On December 12, 1990, Warbucks Investments Limited Partnership (Warbucks) filed a complaint seeking a preliminary injunction as well as a declaratory judgment against Edward J. Rosewell, collector of Cook County (Collector). At issue was the constitutionality of the 1990 amendment to section 245 of the Revenue Act of 1939 and the rules and regulations which put the new provisions into effect. On December 21, 1990, the trial court denied the request for *816injunctive relief and sustained the validity of the rules and regulations. This holding did not address the constitutionality of the amendment itself. Warbucks did not appeal. On January 4, 1991, Northern presented its petition to intervene as of right in this matter, and filed a motion seeking to declare the Act as amended unconstitutional. In its petition, Northern did not identify its interest in this litigation, its business or its corporate status. Further, Northern did not specify in its pleadings in what way its interest could not be adequately represented by the existing parties or in what way it would or might be bound by an order or judgment in the litigation as statutorily required in order to intervene. (Ill. Rev. Stat. 1989, ch. 110, par. 2 — 408.) Northern merely stated in its pleadings that there were other constitutional arguments it wished to present to the court concerning the validity of section 245 of the Revenue Act. In response, the Collector filed a motion to strike and dismiss Northern’s petition to intervene for failing to meet the statutory, requirements (Ill. Rev. Stat. 1989, ch. 110, par. 2 — 408) and a motion to strike and dismiss Northern’s motion to declare the Act as amended unconstitutional.

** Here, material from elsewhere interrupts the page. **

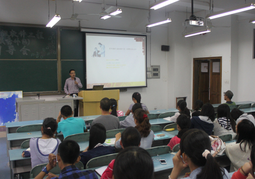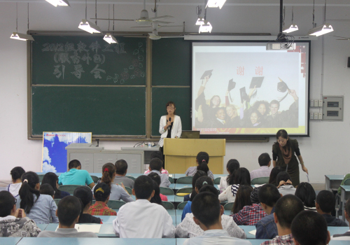 与安博教育集团的联合培养,旨在造就一批能够适应计算机软件技术快速发展的多层次、复合型、应用型软件工程技术和管理人才。首先安博教育集团刘姝彤老师致引导词开始议程,随后安博教育廖枫老师为同学们讲解了服务外包的前景,安博教学主管徒峰从“大学四年如何度过、服务外包是什么专业、服务外包有什么优势”三个方面向大家作了详细的介绍,并向新生展示上届学生的优秀作品,激发新生对于本专业的学习热情。接下来,由2011级软件工程(服务外包)专业的赵阅同学作为老生代表,与新生在学习、生活两方面做了深入的沟通交流,以过来人的身份教导同学们应当珍惜经历了十年寒窗苦读,一朝中举的来之不易的大学时光。

Northern’s response to the collector’s motion did not address the Collector’s challenge to Northern’s petition to intervene, but rather, ignored it, and instead set forth extensive argument challenging the constitutionality of the amendments to section 245 of the Revenue Act. Thus, the allegation of the Collector in his motion to strike and dismiss Northern’s petition to intervene that Northern failed to meet the statutory requirements to intervene (Ill. Rev. Stat. 1989, ch. 110, par. 2 — 408) stands unrefuted and thus admitted. (Ill. Rev. Stat. 1989, ch. 110, par. 2 — 610(b).) Nonetheless, by order entered April 15, 1991, the trial court allowed Northern’s petition to intervene but denied its request for an order declaring the act as amended unconstitutional. Both Northern and the Collector appealed this judgment, the Collector still contending that Northern’s intervention was improper, and Northern maintaining that the Act as amended was unconstitutional.

Illinois law permits individuals to intervene in an existing action if they meet specified criteria. Pursuant to the Code of Civil -Procedure, intervention is allowed:

“(1) [Wjhen a statute confers an unconditional right to intervene; or (2) when the representation of the applicant’s interest by existing parties is or may be inadequate and the applicant will or may be bound by an order or judgment in the action; or (3) when the applicant is so situated as to be ad*817versely affected by a distribution or other disposition of property in the custody or subject to the control or disposition of the court or a court officer.” Ill. Rev. Stat. 1989, ch. 110, par. 2 — 408.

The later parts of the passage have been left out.